Client Alert: Regulatory Changes of Law No.40 on Limited Liability Company in Indonesia
- Lewiandy, S.H., M.A., LL.M., CSA
- Mar 25, 2024
- 3 min read
Updated: Jan 17
Written by: Lewiandy, S.H. , M.A., LL.M., CSA. (Partner), Kevin Neil McVey, S.H. (Partner), Marvell Limiardo (Trainee Associate).

Indonesia has closely watched how the Government Regulation in lieu of Law No. 2 of 2022 on Job Creation recently became law through Law No. 6 of 2023 (“Job Creation Law”). The stated aim of the Job Creation Law is to bolster investment and create jobs by streamlining regulations and simplifying the licensing process to improve the ease of doing business in Indonesia.
The Job Creation Law revises various provisions in laws across numerous sectors, including Law No. 40 of 2007 on Limited Liability Companies (the "Company Law"), which helps regulate the norms and practice of doing business in Indonesia.

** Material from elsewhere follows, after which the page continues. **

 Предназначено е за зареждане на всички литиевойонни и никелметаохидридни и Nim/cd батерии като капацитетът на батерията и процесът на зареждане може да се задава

No minimum Authorized Capital
Limited liability companies in Indonesia are required to have authorized capital of at least IDR 50 million, as per Article 32 of the Company Law. Article 32 of the Job Creation Law removes this minimum authorized capital requirement for Companies. Instead, the Job Creation Law stipulates that the authorized capital of a Company will "be determined by the decisions of the company's founders."

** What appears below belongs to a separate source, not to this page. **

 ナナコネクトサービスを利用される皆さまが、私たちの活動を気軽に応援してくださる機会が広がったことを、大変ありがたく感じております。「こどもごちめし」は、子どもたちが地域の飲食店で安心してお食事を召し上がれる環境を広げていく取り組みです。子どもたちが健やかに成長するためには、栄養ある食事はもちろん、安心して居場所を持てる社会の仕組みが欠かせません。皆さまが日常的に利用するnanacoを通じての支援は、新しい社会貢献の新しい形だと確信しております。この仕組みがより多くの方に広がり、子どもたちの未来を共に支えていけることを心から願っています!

With this change, a limited liability company potentially could have authorized capital below IDR 50 million. However, the Job Creation Law also provides that the capitalization of a Company shall be further implemented by a Government Regulation. So it remains to be seen whether a Company will in fact be able to have authorized capital of less than IDR 50 million.

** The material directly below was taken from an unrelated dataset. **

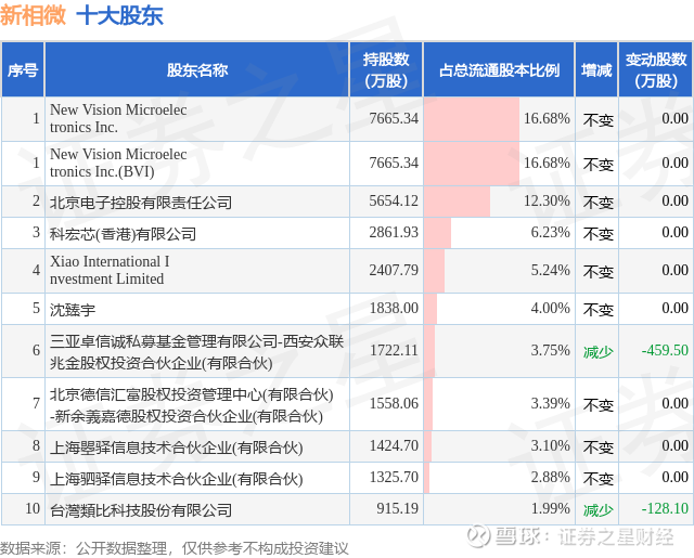 证券之星消息,11月12日新相微发布公告《新相微:新相微持股5%以上股东减持股份结果公告》,其股东科宏芯(香港)有限公司于2025年11月5日至2025年11月12日间合计减持354.77万股,占公司目前总股本的0.772%,变动期间该股股价上涨14.36%,截止11月12日收盘报24.77元。

No Minimum Number of People for Company Establishment
Article 7 of the Company Law stipulates that a Company can only be established by two or more people, with people in this case including legal entities. The Job Creation Law amends that requirement for some Companies. While it is understood that one shareholder is sucient for state-owned entities, all of whose shares are owned by the state-, regional- or village-owned entities, Article 153A of the Job Creation Law now stipulates that there is no minimum number of people required to establish a micro or small business. The same also applies to a Company that manages the stock exchange, clearing and guarantee institutions, securities depositories, settlement institutions and other institutions under the Capital Market Law.
Special Provisions for Micro and Small Businesses
The Job Creation Law contains a special section in Article 153A-153J of the Job Creation Law that outlines general provisions for limited liability companies categorized as micro or small businesses ("MSBs"), which are as follows:
MSBs may be established by one person based on a statement of establishment made in Bahasa Indonesia. This statement of establishment must consist of the MSB's purposes and objectives, business activity, authorized capital and other information related to the establishment of the company. The statement of establishment will be registered electronically with the Ministry of Law and Human Rights ("MOLHR")
Any amendments to the statement of establishment must be approved by a General Meeting of Shareholders ("GMS") and be informed to the MOLHR electronically.
The Board of Directors ("BOD") of an MSB will manage the company in line with the purposes and objectives of the company, and administer policies that are deemed correct and within the confines of the Job Creation Law and/or the statement of establishment. The BOD must also prepare a financial report for the MSB.
The shareholders of an MSB must be individuals (not legal entities). The company founders, which may be the shareholders, can only establish one MSB per year. Further, the shareholders are not personally liable for agreements made under the name of the MSB unless any of the following events occur:
The MSB does not fulfill the requirements to be a legal entity;
The shareholder in question utilizes, directly or indirectly, the MSB for their own interests;
The shareholder in question is involved in an unlawful act conducted by the MSB; or
The shareholder in question unlawfully uses the assets of the company, directly or indirectly, which causes the MSB to be unable to repay its debts.
The liquidation of an MSB must be conducted by a GMS through a written statement of liquidation, which must be informed electronically to the MOLHR. MSBs can be liquidated as follows:
Based on a decision of the GMS;
End of the MSB's period of establishment;
Based on a court decision;
Based on the repeal of a legally binding commercial court decision, the MSB's assets are not sufficient to repay all of its debts that are subject to bankruptcy;
The assets that are subject to a bankruptcy proceeding are in a situation of insolvency; or
The MSB's business license is repealed, requiring the company to initiate liquidation proceedings.
If an MSB no longer fulfills the criteria of a micro or small business, it must convert its status to a regular limited liability company.